The actual and necessary cost of repairing Dennis’s vehicle was $206.67. Appellee was deprived of the use of his car for twelve days, and he rented a substitute for that period at a cost of $124.80. The evidence on loss of use supports this figure. Pelican Trucking Co. v. Rossetti, 251 Miss. 37, 167 So. 2d 924 (Miss. 1964). Hence total compensatory damages suffered by Dennis were $331.47, for which judgment will be rendered here for appellee.
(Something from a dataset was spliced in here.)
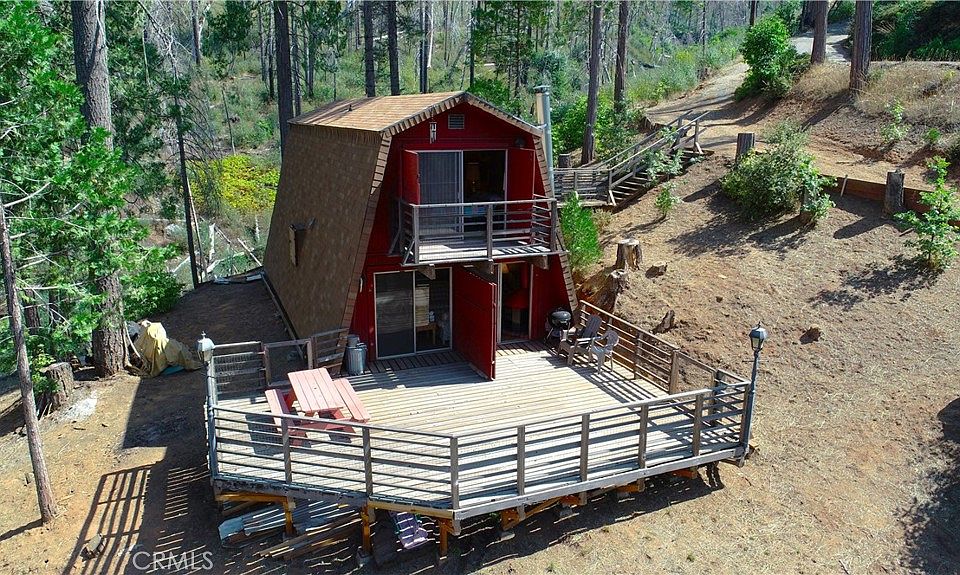 This "A" Frame, CABIN style HOME, screams Charm & Personality and packs a lot of WOW! Mr. & Mrs. Seller poured their hearts and souls into building this Beauty, 40 + years ago, and raised their family while enjoying the good life. From the security of the Storm Doors to the Fire Resistant Fiberglass Shingles, you will see right away how lovingly cared for, and how much attention to detail was thought out. At the entry level of this sweet chalet you will find yourself at the Master bedroom with balcony and private sitting area. There is also space for your washer and dryer here. Below is a completely functioning Kitchen, Living Space, and Full Bath, as well as two Guest Bedrooms. Stroll on over to the Sliding glass doors, walk out onto the seasoned redwood deck and feast your eyes on Nature at her finest. Snyder Creek below will have you lost in your thoughts in no time. Add this to the serenity, and solitude, that comes with spending time with Mother Nature, not to mention the clarity of the stars at night that will no doubt boost your senses. This adorable home comes with nearly 1500 sf of living space, the potential to be 4 bedrooms (County Records show 4 bedroom septic approval), the privacy you yearn for, furnishings, and a Redwood deck that is perfect for whatever your heart desires. HIKE DOWN TO THE SWIMMING HOLE (Adjoining NATIONAL FOREST ON THE EAST SIDE) and spend the day re-charging. Take a nap while listening to the sound of the wind blowing & the creek flowing, gathering for a Bar-B-Q, or just sit and listen to the peace and quiet. Sellers say Cabin can sleep 8-10 and more, comfortably. Cozy wood stove to keep you warm. Lots of natural light. Great area for hiking and biking and just being. To ensure your privacy ADJOINING PARCEL APN#009-070-006 INCLUDED IN SALE. From the words of the late, great Gary Snyder, "NATURE IS NOT A PLACE TO VISIT. IT IS HOME"!

Process by publication under the nonresident motorist statute was sought to be had upon Maupin. At the time of the accident he was a resident of Mississippi. When he filed his answer he was a nonresident of this state, living in Louisiana. Cf. Miss. Laws 1958, ch. 262, being Miss. Code Ann. § 9352-61 (1952); Miss. Laws 1964, ch. 376. It is argued that the 1958 statute, applicable to the present facts, did not extend to a motorist who was a resident of this state and subsequently moved elsewhere. However, we do not reach the question of jurisdiction, because appellant waived it. He made no special appearance to question in personam jurisdiction, and he appeared at the trial and testified. Mladinich v. Kohn, 250 Miss. 138, 164 So. 2d 785 (Miss. 1964). If a defendant enters an appearance in a proceeding in personam without limiting the purposes for which he appears, it is a general appearance. Restatement, Judgments § 19 (1942); 21 C.J.S. Courts § 109 (1940).

In summary, the judgment of the circuit court is affirmed as to liability, reversed oil the amount of damages, and judgment rendered here for appellee Dennis for his compensatory damages only, in the sum of $331.47.

Affirmed in part, reversed in part, and judgment rendered for appellee’s compensatory damages only.

Lee, G. J., and Gillespie, Patterson and Inzer, JJ., concur.